Yaa Gyasi nous transporte dans le temps. Le titre Homegoing vient d’une vieille croyance afro-américaine qu’une fois morte, l’esprit d’une personne, esclave ou descendant d’esclave, retourne vers l’Afrique… Le récit de Homegoing est limpide, il y est facile de suivre les personnages puisque chaque chapitre est dépeint du point de vue de chacun des personnages, soient les descendants d’Effia & d’Esi.
La plume de Yaa Gyasi est profonde et les descriptions qu’elle donne nous renvoient vers nos émotions. Ses personnages sont des produits de leur temps et on est empressé de comprendre leur motivation. Les Noirs, Africains tout comme Afro-Américains, ne sont pas que simples victimes. Il est peut-être difficile de concevoir que les Noirs ont tenu un rôle actif dans la traite des esclaves, toutefois il a bien fallu que les Européens aient l’assistance de natifs de l’Afrique donc des tribus les plus puissantes afin de se pourvoir en esclaves.
La façon dont Yaa Gyasi l’expose ne cherche pas à offenser, mais plus tôt à expliquer et appuyer la progression de l’histoire. Comme exemple, dans la lignée de Effia, un de ses descendants est professeur d’histoire au Ghana et l’auteure lui fait exprimer la frustration que plusieurs personnes d’origine négroïde ressentent par rapport à l’histoire :
(extrait – traduction libre) « C’est le problème de l’histoire. Nous ne pouvons savoir ce que nous n’avons pas vu, entendu ou vécu nous-mêmes. Nous devons nous fier aux récits d’autrui /…/ On croit les mots du plus fort. C’est lui qui dicte l’Histoire. Donc, quand on étudie l’histoire, on doit se demander quel récit nous manque. Quelle est la voix qui a été tue pour permettre à une autre de s’élever? »
Puis des héritiers d’Esi, il y a un cri du cœur de la condition des Noirs aux États-Unis dans les années 1960 qui semble avoir perdurée si on se fie aux évènements qui ébranlent le pays de l’Oncle Sam ces derniers temps :
(extrait – traduction libre) » Autour de lui, l’évidence était claire. Quelques semaines plus tôt, un policier de New York a tué à bout portant un jeune homme noir de quinze ans, un étudiant, pour rien. Cet évènement déclencha des émeutes, opposant de jeunes hommes noirs et quelques jeunes femmes noires contre les forces de police /…/ même s’il ne l’avait pas réalisé dans sa tête, en Amérique le pire était d’être un homme noir. Pire que mort, vous étiez un mort-vivant. »
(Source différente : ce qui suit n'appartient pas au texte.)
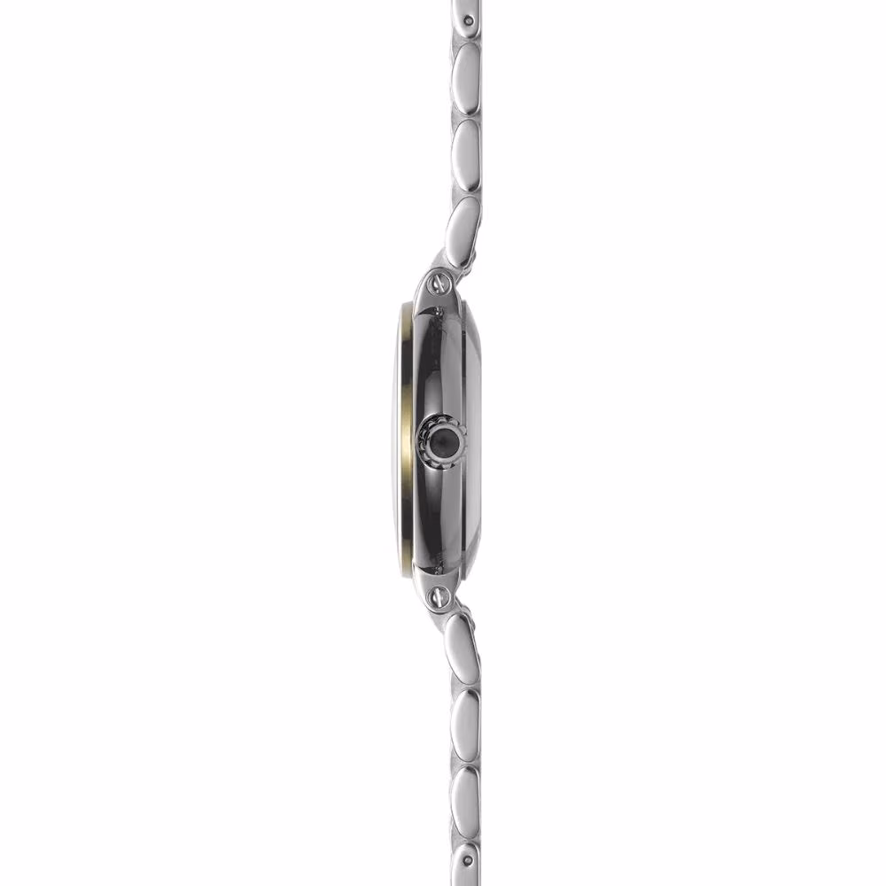 Son bracelet en acier bicolore, avec ses deux rangs centraux dorés et sa boucle déployante, garantit un maintien confortable tout en ajoutant une note de distinction.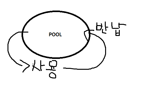 그림처럼 커넥션 풀은 데이터베이스와 연결된 커넥션을 미리 만들어 POOL에 저장해두고 있다고 필요할 때 커넥션을 풀에서 가져다 쓰고 다시 풀에 반환하는 것이다.

Dans ces quelques lignes, on ne peut que saluer l’effort réussi de Yaa Gyasi de traduire l’oppression éprouvée par les communautés noires des États-Unis à travers les âges.
Homegoing est un must dans vos prochains choix de lecture. Même que je crois qu’il devrait faire partie d’une bibliothèque afro centrique si vous vous en constituez une. N’étant pas encore traduit en français, l’histoire se lit tout de même très facilement pour toute personne familière avec la langue de Shakespeare.
À propos de l’auteure…
YAA Gyasi est née au Ghana et a grandi à Huntsville, Alabama. Elle est titulaire d’un Ba en études anglaises de l’Université de Stanford et une maîtrise de l’Iowa Writers’ Workshop. Elle vit à Berkeley, en Californie.